If an error was detected, SNMP Trap can be sent to the server on which the SNMP manager is running.
By using this function, the SNMP manager can monitor the cluster system.
For details on how to set this function, see "6.10.1 Setting Contents of a Cluster Application" in "PRIMECLUSTER Installation and Administration Guide (Linux)."
For SNMP Trap, the version 2c is used and the following pieces of information are contained in SNMP Trap to be sent.
OIDs corresponding to the resource types
Message indicating the resource failure
To send SNMP Trap, the snmptrap command is used and the following operation is performed.
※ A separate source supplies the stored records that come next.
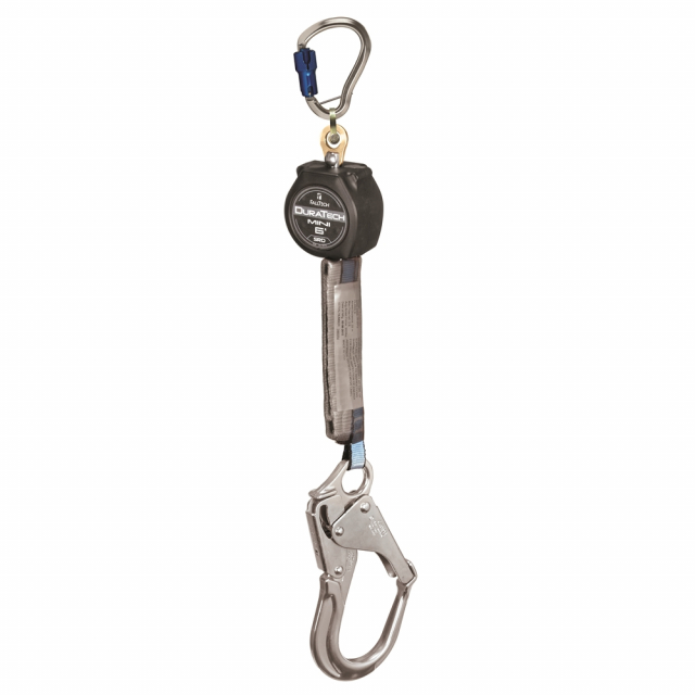 FallTech, 72706SG5, DuraTech 6' Single-Leg Web Self-Retracting Device, Al Carabiner & Al Rebar Hook
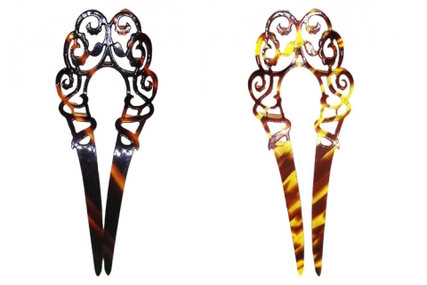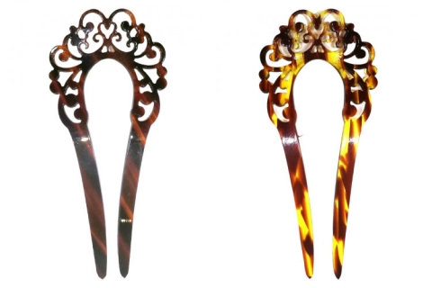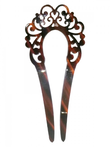 Openwork tortoiseshell hairpin, handmade in Spain. Measures 4.5 x 10 cm.
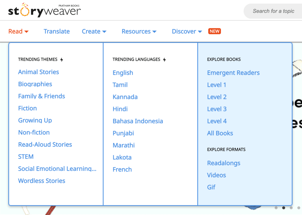 Pratham Books wants to support literacy in every language imaginable. While that would be a huge endeavor just in India alone (with some estimates placing the country’s count at over 700 languages!), they have set out to include languages from around the world which makes it an even more daunting task. Pratham Books publishes its books in about 25 languages, but knows this only reaches so many children. Therefore, they have made translation available on Storyweaver for every book in any language!
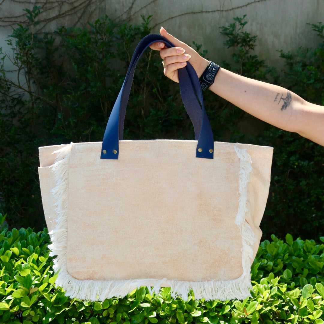 Bolsa Nuna Bege com Alças de Couro Marinho
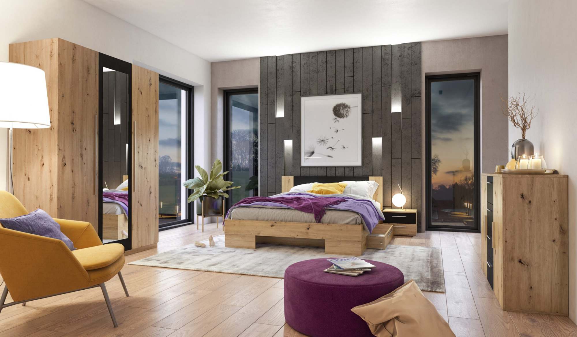 Спальня «Vera» 22RCDH Дуб Artisan/Черный
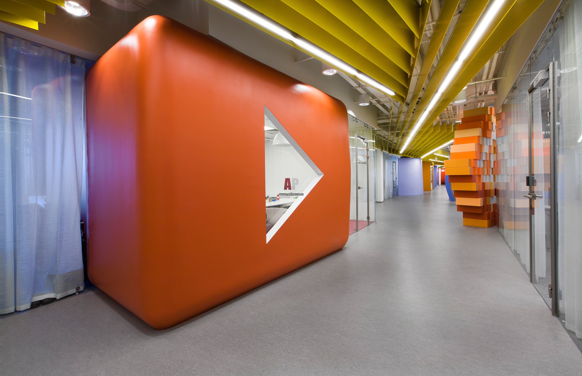 Интерьер холла. В пристроенных ярких объемах располагаются разнообразные сервисы офиса. Например, здесь находится малая переговорная. Авторы проекта Петр Зайцев, Арсений Борисенко, архитектурное бюро za bor.
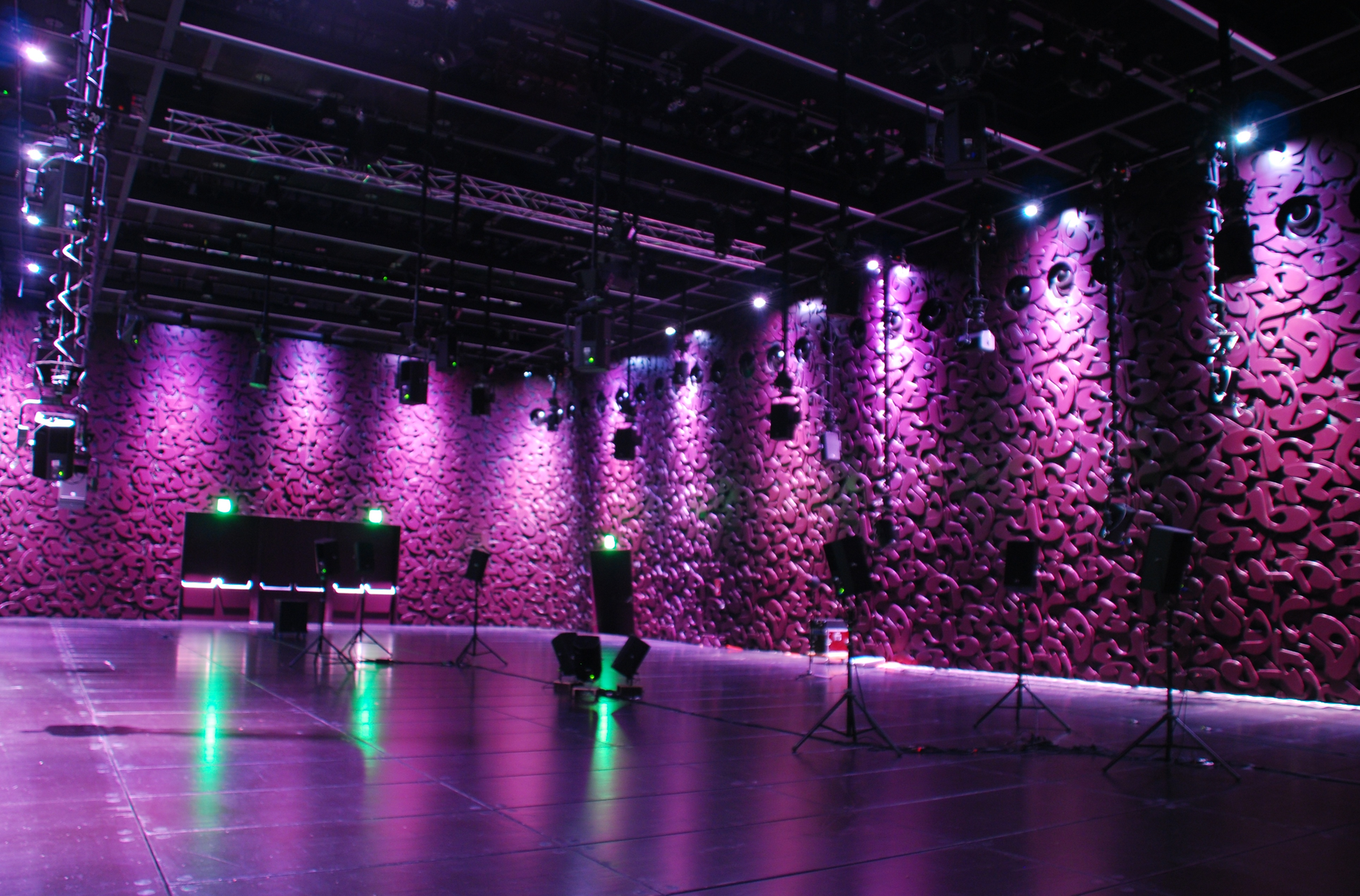 The whole Topoi setup comprises twenty-four from the thirty-three hemi-speakers at the Ligeti Hall, nine flying speakers on stands and two large sub-woofers on the floor, plus six from the eight sky-subwoofers on the ceiling, the whole sky-top (thirty-six) and another four sky-wall speakers. Not all of the sky-top speakers are used in one single performance, but they can be used, since the mapping of output speakers follows an algorithmic choice in some sections.

snmptrap -v 2c -c <Community name> <Destination host> .1.3.6.1.4.1.211.4.68.257 <OID> s <Message>
The following table shows OIDs set for SNMP Trap.
No | OID | Description |
---|---|---|
1 | .1.3.6.1.4.1.211.4.68.257.1 | This OID is set when a resource failure occurs in an application or middleware. |
2 | .1.3.6.1.4.1.211.4.68.257.2 | This OID is set when a network failure occurs. It is set when a failure is detected in the Gls resource, or in the takeover network resource. |
3 | 1.3.6.1.4.1.211.4.68.257.3 | This OID is set when a file system failure is detected. It is set when a failure is detected in the Fsystem resource. |
4 | .1.3.6.1.4.1.211.4.68.257.4 | This OID is set when a disk failure is detected. It is set when a failure is detected in the Gds resource. |
The message which RMS outputs to switchlog when the resource failure occurs is contained in "Message indicating a resource failure." The message indicates what failure is detected in which resource.
Example of a message:
2014-07-28 17:07:09.254:(DET, 7): ERROR: FAULT REASON: Resource <ManageProgram000_Cmd_APP1> transitioned to a Faulted state due to the resource unexpectedly becoming Offline.
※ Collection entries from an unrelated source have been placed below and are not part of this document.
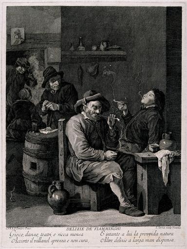 | Keywords: Five Flemish men, old and young alike, smoke and drink in a Wellcome V0019042.jpg object history exhibition history credit line Wellcome Images http //wellcomeimages org/indexplus/obf_images/31/a2/6db8fe32724b81a3263f49139b5e jpg Gallery http //wellcomeimages org/indexplus/image/V0019042 html accession number PD-old-auto-1923 1799 Images uploaded by Fæ Wellcome V0019042 jpg Files from Wellcome Images check needed V0019042 jpg Works after David Teniers the Younger Thomas Major | ||||
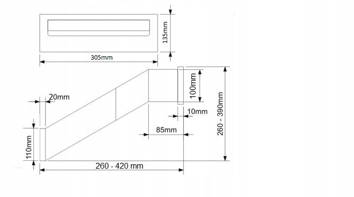 - ПЕРЕДНЯ ПАНЕЛЬ: 305 x 135 мм
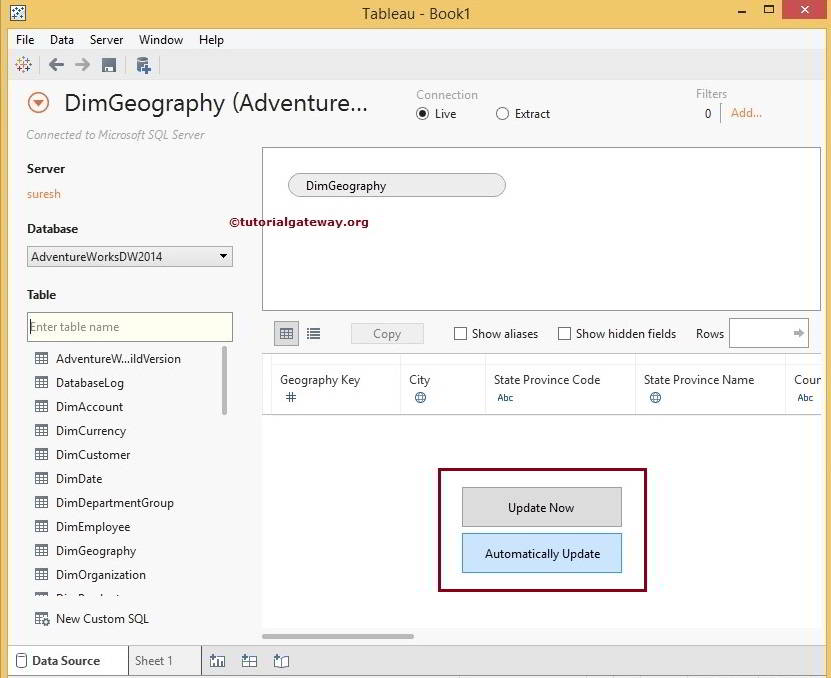 - 服务器:此部分将显示我们在 Tableau 中用于连接 SQL 的实例名称。
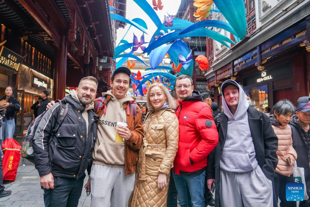 Tourists from Belarus and Russia pose for photos at the Yuyuan Garden area in east China's Shanghai, Feb. 1, 2025. As the Chinese people are celebrating the Spring Festival, or the Chinese New Year, they have been joined this year by an increased number of foreign tourists, who have come to experience Chinese culture following the implementation of a new visa-free transit policy.
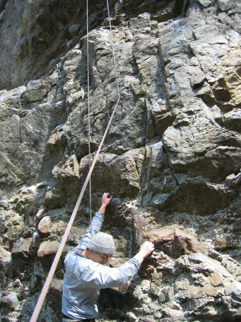 ヌンチャク(クイックドロー)をはずしながらロワーダウンしたのですが、一番下とその上のヌンチャクは回収せづに残しました。はずした時に大き振られるなどの危険があるからです。写真は 再度登りかえして、残したヌンチャクを回収しに行っている所です。 、 |
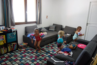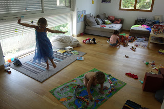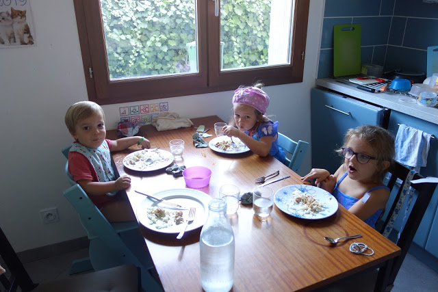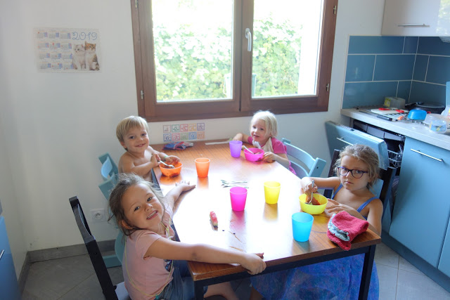 Aujourd’hui, nous étions en alerte rouge canicule, et l’école et la crèche des enfants était donc fermées (à partir de 12h, mais je les ai gardés toute la journée). Cela aurait dû être le dernier jour de crèche d’Émile, mais la météo en a décidé autrement ! Nous avons aussi accueillies Linette toute la journée, et Jeanne l’après-midi.

You can also confirm the cause and action of the resource failure by searching the message in "PRIMECLUSTER Messages."
Note
If an error occurs in the communication path between the cluster node and the host on which the SNMP manager is running, the notification of resource failure by SNMP Trap does not work.
If the userApplication is switched over when the multiple resource failures are detected in one userApplication at the same time, only one of the resource failures will be notified. Check if other resource failures occur in the switchlog file after the cause of the notified resource failure has been removed on the cluster node.